The 5 Cs of FinOps: Continuous Improvement
A cloud financial management or FinOps practice can maximize the value of the cloud. It is a collaborative discipline where all stakeholders take ownership of their cloud usage with support from a central best practices group.
A strong FinOps practice incorporates the 5 Cs of FinOps.
Let’s talk about the fourth C of the 5 Cs of FinOps: Continuous Improvement.
Fourth C of FinOps: Continuous Improvement
Continuous Improvement takes several meanings in the context of FinOps. One is based on the speed of cloud technology. For example, a migration may start with a "lift and shift." Then, you may then modernize applications with cloud-native services and containers. Then, who knows what the future will bring? The continuous evolution of the cloud requires a similar shift in your FinOps strategies and the communication and education that goes along with it.

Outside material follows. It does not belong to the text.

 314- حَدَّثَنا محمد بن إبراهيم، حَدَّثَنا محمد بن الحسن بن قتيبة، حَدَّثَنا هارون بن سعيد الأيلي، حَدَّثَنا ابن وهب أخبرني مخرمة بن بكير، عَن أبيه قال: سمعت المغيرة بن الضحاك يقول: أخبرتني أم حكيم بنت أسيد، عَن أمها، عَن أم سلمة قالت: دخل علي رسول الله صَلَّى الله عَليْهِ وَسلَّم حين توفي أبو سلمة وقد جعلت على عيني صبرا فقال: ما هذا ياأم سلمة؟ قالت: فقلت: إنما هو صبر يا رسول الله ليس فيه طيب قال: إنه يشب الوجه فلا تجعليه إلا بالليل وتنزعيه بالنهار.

Continuous improvement is not always about technology. It can also be about communication, executive buy-in, or creating more value with your existing processes.
Ultimately, FinOps isn't something you just do once. It's an ongoing practice that optimizes your cloud usage and costs over time.

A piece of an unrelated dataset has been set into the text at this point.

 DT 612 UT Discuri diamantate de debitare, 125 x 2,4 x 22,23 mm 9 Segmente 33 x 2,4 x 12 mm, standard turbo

Right-sizing and right-costing help optimize your cloud environment
Right-sizing and right-costing are two significant continuous improvement methodologies that can help optimize your cloud environment.
Right-sizing resources tend to be a more technical process that considers the specifications of each resource running in your IT environment and then seeks the best possible configuration that supports the workload.
Right-sizing examples include:
- Choosing the right data center and optimal configurations for your workloads
- Considering the financial impact and actual utilization of virtual machines
- Finding and removing abandoned or orphaned cloud resources that eat away at margins without providing any clear benefit
- Modernization initiatives that ensure you get the most efficiency and ROI for your dollar
- Determining if a data center in another geographic region can handle specific workloads more efficiently without significant trade-offs
- Automating elastic right-sizing processes to ensure you only run the applications and resources that you need at the moment
- Employing automatic on/off processes for applications that aren't in constant use
With right-costing, you can leverage commercial resources to get the best deal on cloud solutions and software.
Right-costing examples include:
- Lowering your costs by transferring on-premises licenses to the cloud or removing unused solutions
- Negotiating for discounts or volume-based pricing with your cloud vendor
- Saving 50% to 70% off list pricing with reserved instances for services that you run consistently
- Leveraging savings plans
The cloud hyperscalers – AWS, Google Cloud, and Microsoft Azure—frequently change their right-costing options to offer better pricing and flexibility. Staying informed of their changes will allow you to get the best pricing.